Chemistry - Experiment to show that air contains about 20% oxygen

Solution 1:

One problem with using combustion reactions to determine the percent of oxygen in air is the additional products, namely $\ce{CO2}$ and water vapor. If performing a water displacement reaction, these gases add to the uncertainty and imprecision of this method.

Water displacement by a combustion reaction can, however, be used if an appropriate combustion reaction is chosen. A more reasonable experiment to determine the percent oxygen in air is to use the oxidation of iron $$\ce{4Fe(s) + 3O2(g) -> 2Fe2O3(s)}$$ The benefits of this reaction are (a) only one product is formed and (b) the product is a solid so it will not influence the water displacement in a significant way.

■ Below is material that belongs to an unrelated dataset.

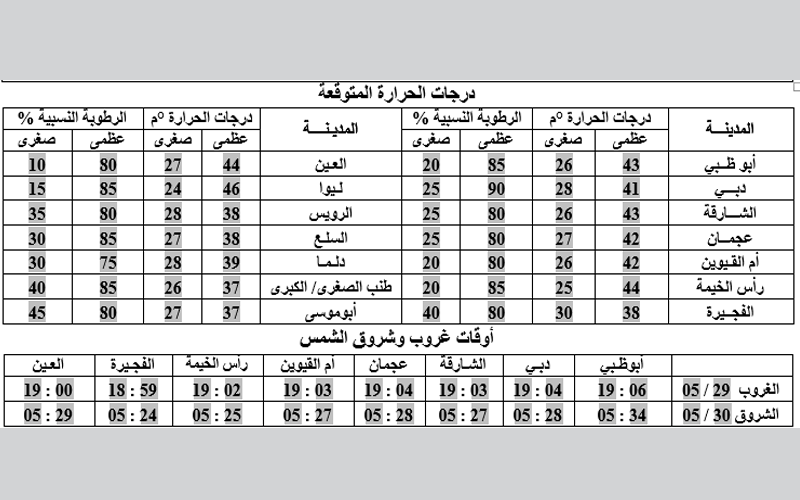 الطقس المتوقع في الدولة خلال اليومين القادمين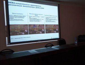 25.10.18г. зав. кафедрой онкологии, д.м.н., профессор Казахстанско – Российского медицинского университета г. Алматы Есентаева С.Е. провела для сотрудников КГП на ПХВ «ПООД» лекцию на тему «Лечение люминального В Her-2 позитивного рака молочной железы»

This experiment has been reported in the Journal of Chemical Education and a brief search of the web found an adaptation of this experiment if you don't have access to the journal. Briefly, one measures the volume of a test tube, adds a known amount of steel wool into the tube and inverts the tube in a beaker of water. The oxidation of the iron is catalyzed by first rinsing it in a dilute acid (vinegar) solution. Knowing the density of iron one can calculate the volume of the test tube occupied by the solid and then determine the volume of air before and after the reaction is completed.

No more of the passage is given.